To illustrate how these filters behave, first apply them to a line that rises linearly from 3 to 13 but has -/+ 3 variation for odd/even numbers, respectively. Assuming that this is "noise" (it is high frequency), then smoothing should approximate a linear rise. A weight of 0.25 was used for the weighted smoothing and three and ten smoothing passes were ran.

Saw-three.png Saw-ten.png

It can be seen that unweighted (w=1) smoothing converged rapidly even with three iterations. With ten smoothing passes, the results are mostly the same, though the weighted (w=0.25) smoothing has better results along the edges. The endpoints are hard to get accurate with this type of filter as you only have information coming from one direction. Note that the results towards the endpoints are worse for ten passes at w=1 than at three passes. The results are over-smooth and would get even worse with more passes, eventually trending to a constant. This illustrates that the choice of number of passes and weight appropriate to given data is a function of the data. This may be automatically controlled if desired.

To give an example more illustrative of real noise, we take the same basis curve (linear rise from 3-13) and for each point add a random value from -6 to 6 to it. A high amount of noise was chosen both to be illustrative and because oranges are also very noisy. Note the small number of data points (11) hurts us in identifying the trend but is good for illustration.

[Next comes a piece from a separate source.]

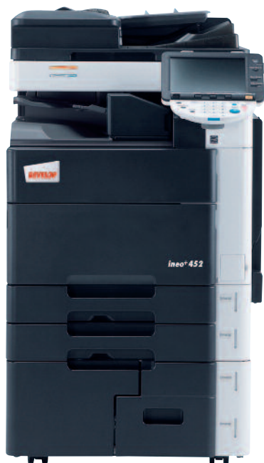
ineo+ 452 avec séparateur de travaux (JS-504)

Du choix des matériaux à la fabrication, DEVELOP met au cœur de ses préoccupations le respect de l'environnement. Ainsi, l'ineo+ 452 offre de nombreux avantages comme une consommation électrique faible, une unité recto-verso en standard permettant de réduire de manière drastique votre consommation en papier, le toner polymérisé des ineo nécessite moins d'énergie que les toners traditionnels pulvérisés, ce qui contribue à préserver l'environnement, en réduisant de 40% les émissions de CO 2 , de NO x ou de SO x qui produisent des gaz à effet de serre et des pluies acides, etc. Les ineo sont ainsi certifiés Energy Star ou Blue Angel — ce qui prouve que nos produits respectent les normes environnementales.

Random-three.png Random-ten.png

Note that while these filters were applied iteratively, an equivalent coefficient matrix could have alternately been constructed and multiplied by the data vector for a given weight and number of iterations.

Low pass filters: TODO

Interesting Statistics

What are we really measuring? What does it mean? In order to combat the oranges, we must understand them. This means having in our arsenal creative measured quantities that tell a story.

Statistics should be identified that accurately and effectively convey trends in the data:

  • oranges/push as a function of time (orange factor)
  • most common failures as a function of time (topfails)
  • for a given window, breakdown of oranges by bug number
    • in other words, are there a lot of different orange bugs?
    • is any of them a big chunk?
    • or are they highly scattered?
  • push rate (number of pushes as a function of time; pushes/week, etc)
  • occurance rate of orange bugs (per push) as a function of time

It is to be noted that these statistics are abstractions useful to tell a story. Fundamentally, there are discrete push events. These push events yield a certain set of oranges which are then starred.

Most Common Failures (topfails)

What particular orange bugs are most commonly seen? If I look at the last week of data, how would the oranges break down? Given the number of pushes, say, in the last week, how would these break down? Would there be a few orange bugs that, if eliminated, would significantly change the orange factor? Or are the oranges so scattered that it is unlikely that fixing any given orange would change the picture much? How does this differ from last week?